Это не значит, что работы Дарвина не могут служить источником вдохновения. Его научные труды, дневник путешествий, воспоминания и письма можно читать, как читают старую добрую степенную художественную литературу XIX века, например, Диккенса. Так, как слушают классическую музыку. Говоря его же словами, значение его работ в возникновении теоретических озарений современного биолога да будет 'не больше, чем значение природы искры, которая воспламеняет массу материала, в определении природы пламени'.
Примечания
(1) В современной эволюционной теории приспособленность определяется по конечному результату: если носитель одной комбинации аллелей (вариантов генов) способен внести больший относительно носителей других аллельных комбинаций вклад в формирование последующего поколения (и этот дифференцированный вклад данного генотипа носит систематический характер), то о нем и говорят, как об относительно более приспособленном. Во времена Дарвина приспособленность определяли иначе: путем спекуляций и придумывания "приспособительного значения" той или иной особенности строения или образа жизни. Хотя в своей зрелой теории Дарвин и вводил понятие "относительной приспособленности", оно не имело строгого определения.

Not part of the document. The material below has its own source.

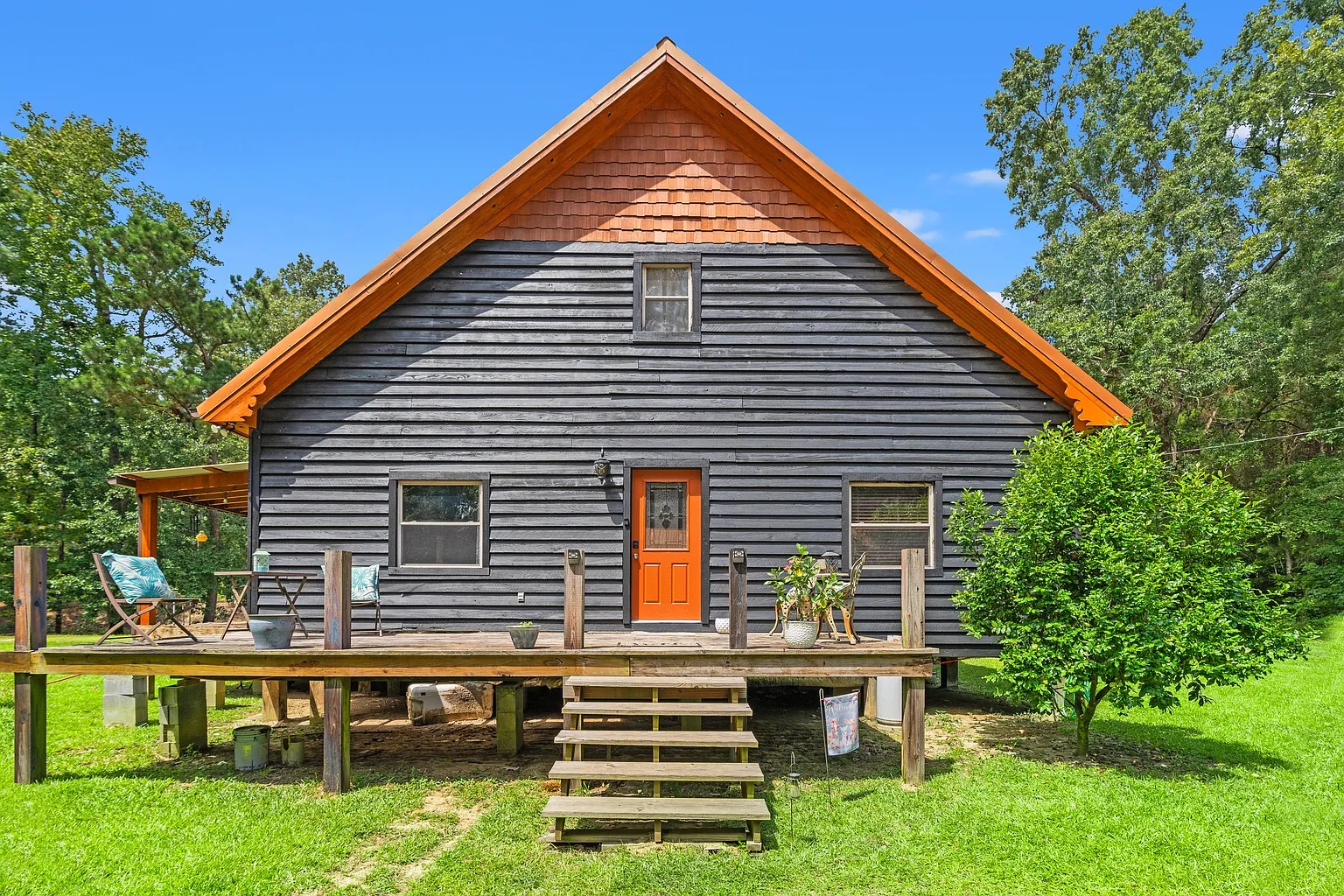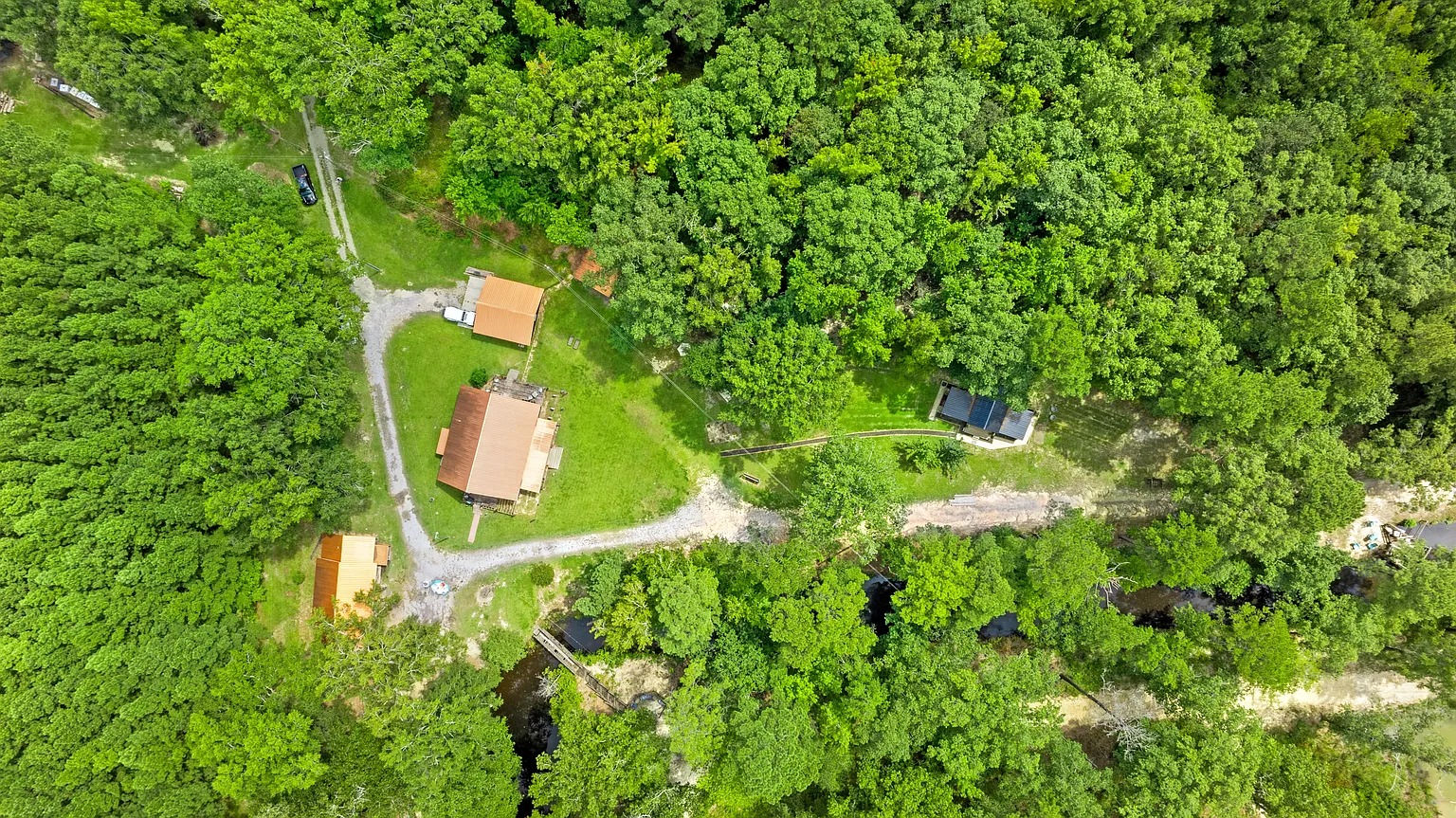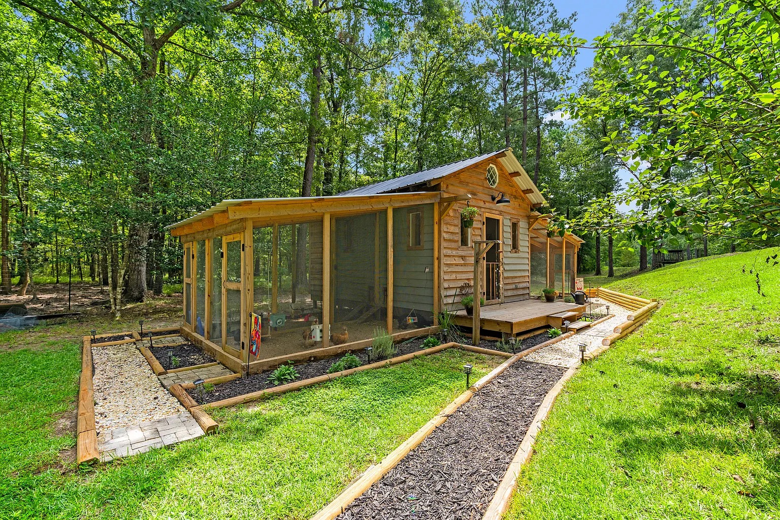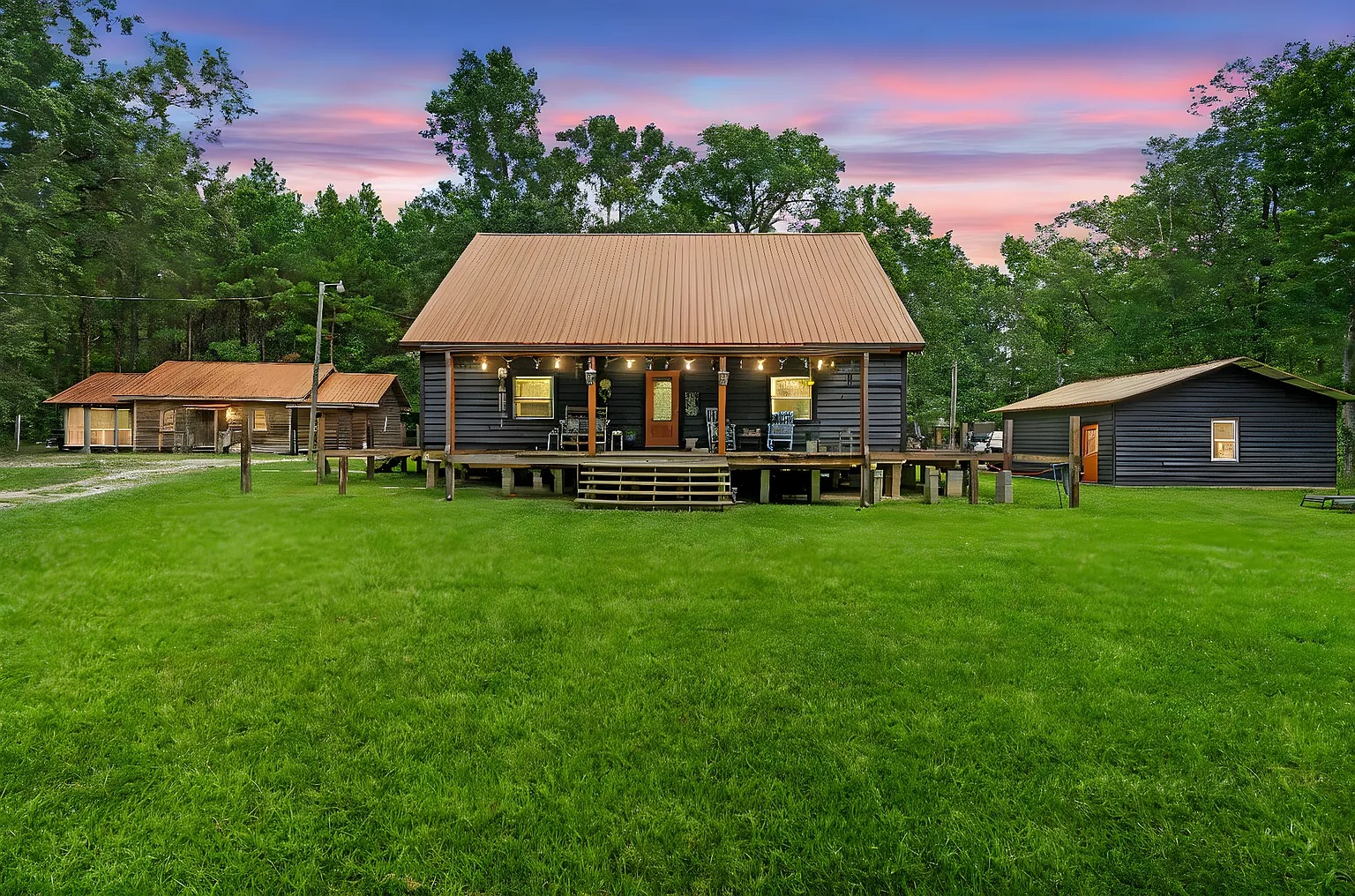 A second home adds flexibility for hosting or multi-generational living. Therefore, guests can enjoy their own space while staying close for shared meals and activities. Also, the screened porch encourages long evenings outside, swapping stories after a day on the land. For this reason, the second residence supports recreation-focused lifestyles or seasonal gatherings. Plus, the warm interior design blends comfort with a relaxed, rural atmosphere.

Примерно к этому же относится и пассаж о брутальной рациональности теории игр. Определенная поведенческая стратегия может в конечном счете оказаться выигрышной, даже если с нашей точки зрения она неприемлема по тем или иным (например, этическим) принципам. Например, случаи инфантицида (истребления детенышей), распространенного в ряде групп млекопитающих, объясняются тем, что эта стратегия при прочих равных может оказаться более "выигрышной", чем неубийство. По крайней мере, до тех пор, пока в живых остается достаточная для самоподдержания популяции доля детенышей и пока чужие попадаются под горячую руку в среднем чаще, чем свои, эта особенность не исчезнет. Дарвин, хотя и утратил веру во всеблагого бога, все же, вряд ли согласился бы с холодной расчетливостью этих калькуляций. Значительная часть рассуждений в "Происхождении человека" отведена под сбор доказательств того, что в поведении животных можно найти многое из того, что приписывают только человеку. Холодный расчет не входил в список этих черт.

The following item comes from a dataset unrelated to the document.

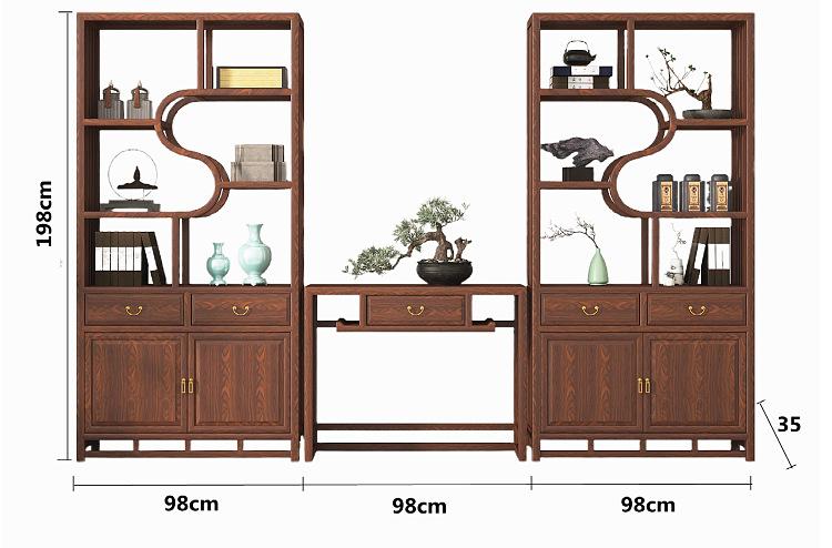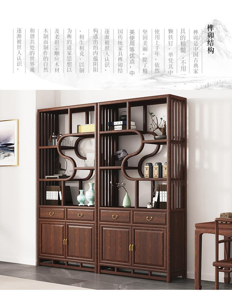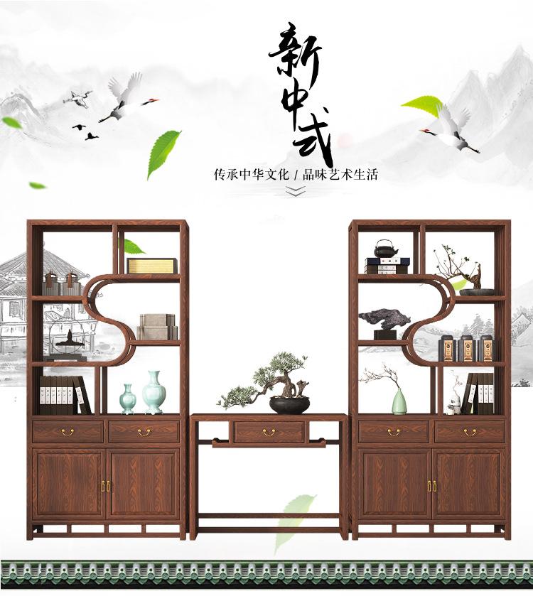 Estante antiguo de madera maciza estilo chino, estante de almacenamiento para salón de té, estante de exhibición, estantería de estudio con tres combinaciones, nueva estantería de estilo chino, pabellón Duobao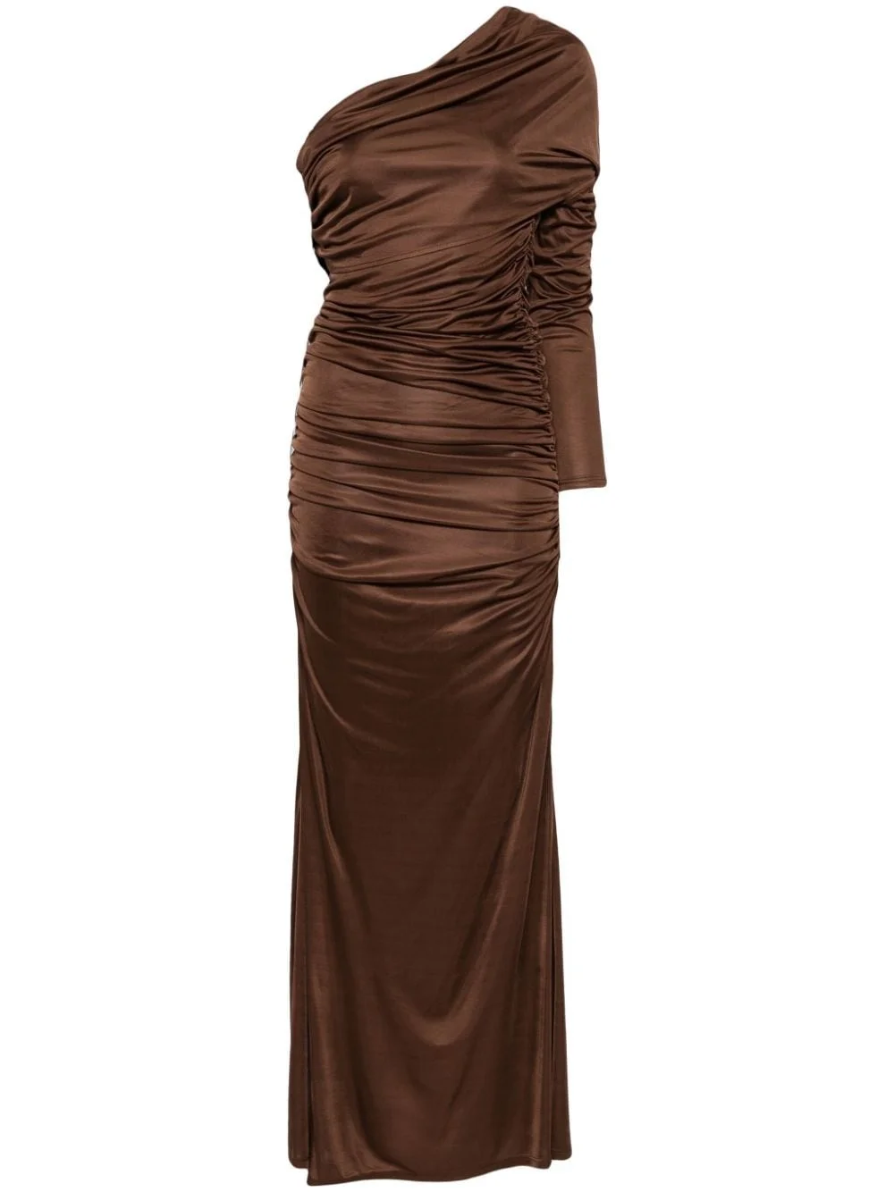single-sleeve ruched gown Highlights - Brown - Stretch-design - Draped design - Asymmetric design - Ruched detailing - Off-shoulder - Single long sleeve - Floor-length Made in France Composition Viscose 100% Washing instructions Dry Clean Only

Под генетическим дрейфом (генетико-стохастическими процессами в популяциях) понимают изменение концентрации аллелей в популяциях, связанное со случайными колебаниями, не связанными с избирательной элиминацией (гибелью или иными формами понижения репродуктивного вклада в последующее поколение) особей-носителей определенных аллелей.
Представить себе суть этого просто. Если мы подбросим монетку десять раз подряд, то не увидим ничего удивительного, что в первой же серии бросков она выпадет орлом вверх восемь раз кряду. Это случайное отклонение от теоретически ожидаемого соотношения 5:5 могло бы нивелироваться, если бы мы повторяли наши серии по десять бросков раз за разом. В другой раз выпало бы 6:4, в третий -- 5:5, изредка выпадало бы 1:9 или (еще реже) даже 10:0. Однако это работает только в том случае, если каждый раз мы начинаем игру в орлянку с одной и той же, старой доброй монеты. Представим теперь себе, что мы бросаем не монету, а игральную кость, скажем, в форме додекаэдра (правильный многогранник с двенадцатью пятиугольными гранями). Половина из них закрашена в черный цвет, другая -- в белый. Мы бросаем ее 12 раз и записываем, на какую грань ложится кость. Предположим, что в первой серии бросков у нас вместо теоретически ожидаемого 6:6 получилось 7:5. Прежде, чем сделать вторую серию бросков, мы перекрашиваем кость сообразно этому соотношению. Теперь у нас будет семь черных и пять белых граней. Вероятность выпадения на черную грань возрастает с 6/12 (1/2) до 7/12. Такая система с "памятью" о предыдущей серии бросков, которая оказывает влияние на следующую за ней, напоминает природную популяцию. Только вместо бросания кости нас ждет скрещивание, а вместо черных и белых граней - два (для простоты) аллеля одного и того же гена. Если мы отложим концентрацию аллелей в популяции по одной оси, а время в поколениях - по другой и начертим в этих координатах график изменения концентрации аллелей, то получится ломаная линия, прыгающая то в одну, то в другую сторону. Это и есть графическое изображение генетического дрейфа. Такие случайные флуктуации могут привести к понижению концентрации, вплоть до выпадения аллеля из данной популяции или, напротив, к значительному повышению концентрации одного или нескольких аллелей за счет других. Как легко догадаться, дрейф работает эффективнее в малых популяциях. Представить себе, что в серии из тысячи бросков монеты соотношение орел:решка будет близким к 800:200 уже гораздо труднее, хотя в этом, строго говоря, нет ничего невероятного.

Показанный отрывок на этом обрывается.